Though the majority didn’t have much experience with trans patients, “the providers caring for Marius believed what he had to say,” explained the author of Mason’s external report, Ronica Mukerjee, a family nurse practitioner working on a doctorate at Yale on ethical care of trans patients. But at one point, she said, the providers put an incorrect mental health diagnosis on his chart—a common occurrence for trans people seeking clinical care. Mason’s attorney said her client had found the misdiagnosis “hurtful.”

But even the correct diagnosis raises some uncomfortable issues. In order to get the right treatment, trans people need to be deemed sufferers of an official condition—gender dysphoria—as defined in the Diagnostic and Statistical Manual of Mental Disorders. Treatments are provided on the condition of a medical necessity, which presumes an inherent sickness attending trans identity. As legal theorist Silpa Maruri notes, “while it allows access to hormone therapy, it does so by describing transgender individuals as somehow sick or infirm” without leveraging a challenge to the world of strict gender binaries in which dysphoria is produced. But for prisoners suffering in their assigned gender and held in America’s behemoth prison system, having the material need for gender affirming treatments recognized can be a matter of life and death. Suicides and attempted suicides are especially common within the incarcerated trans population, discriminated and marginalized as it is.

For Mason, his supporters, and his legal advocates, the next challenge is having his new name be officially recognized along his chosen male pronouns.
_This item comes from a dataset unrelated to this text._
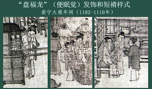 北宋妇女普遍穿长裙,裙子能把脚面盖住。但在北宋崇宁至大观年间,流行短褙样式,还有“盘福龙”发型。这个短褙就是短款的服装,据余辉介绍,这样式是从女乐伎中流行开来,最后在市民百姓间普及,穿着方便、干活行动也方便。从《梦华录》中看出女子可经商。此时商业繁荣,妇女在家干活,还能在外做生意,短褙服装在市井街坊中比较常见。
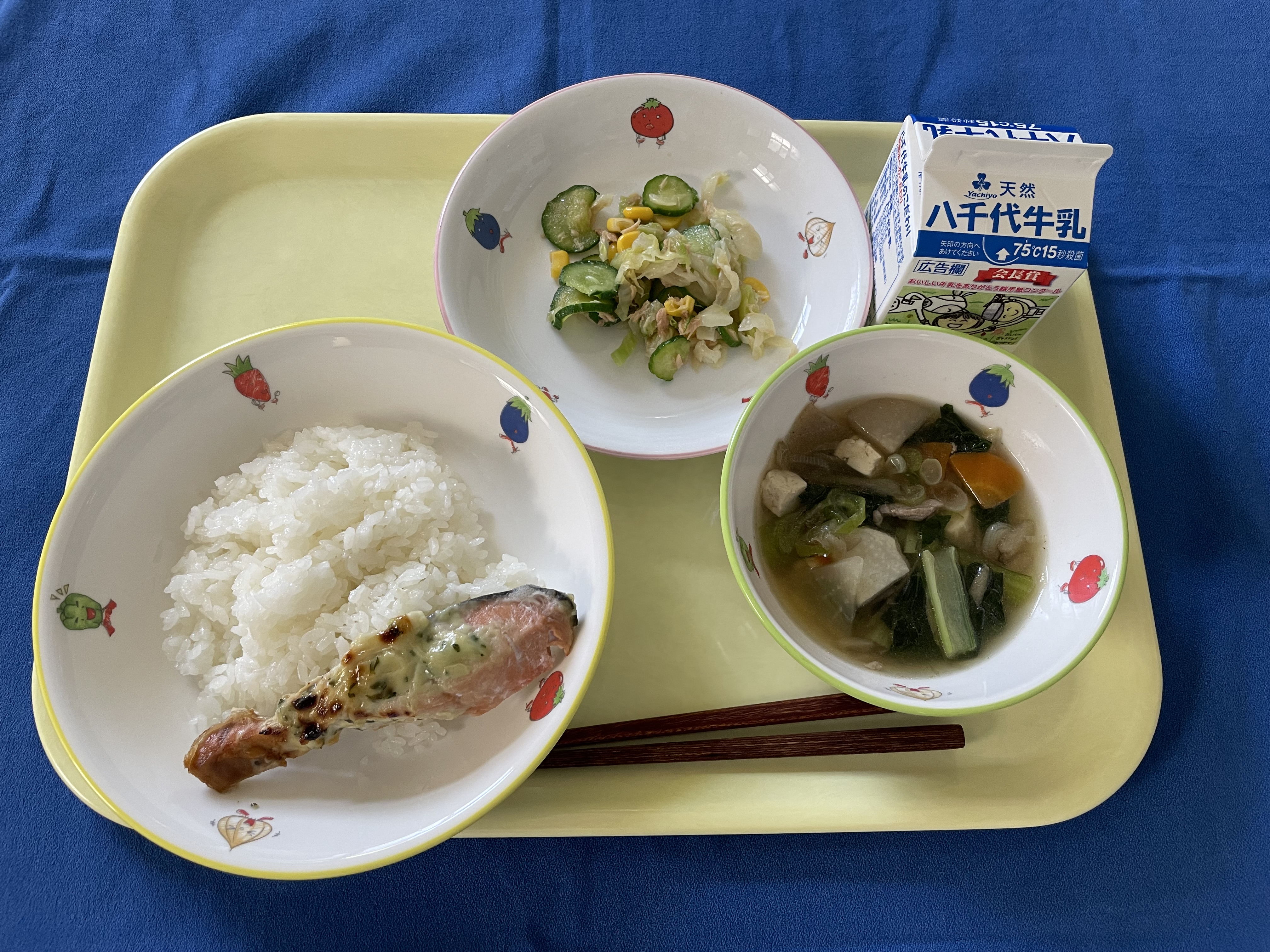 ご飯 鮭の味噌マヨネーズ焼き コーンサラダ けんちん汁 牛乳 |

It’s a central aspect of gender affirmation, and a reminder that gender is not just biological and easily changed medically. As Mukerjee, who has worked in trans care for nine years, said, “The logic is the same [as with hormone therapy]. It is unethical for patients’ basic human rights to be ignored when they are in carceral custody. This attention to human rights includes respecting the identity of the patient.”

Unfortunately, a medically necessary name change will be harder to achieve than hormone treatment. The states of Texas and Michigan, where Mason could be said legally to reside, forbid name changes for incarcerated people, based on laws designed to prevent convict identity fraud. The old law remains on the books even in this age of totalized surveillance, when the risks of slipping under the state’s radar via an official name change are slim to none. Mason, who has chosen to keep his last name and the same initials, and who will be findable by an inmate number for many years to come, is clearly not attempting identity fraud. Quite the opposite: He is seeking to have his identity affirmed, and a time at which he will no longer receive letters addressed to a dead name.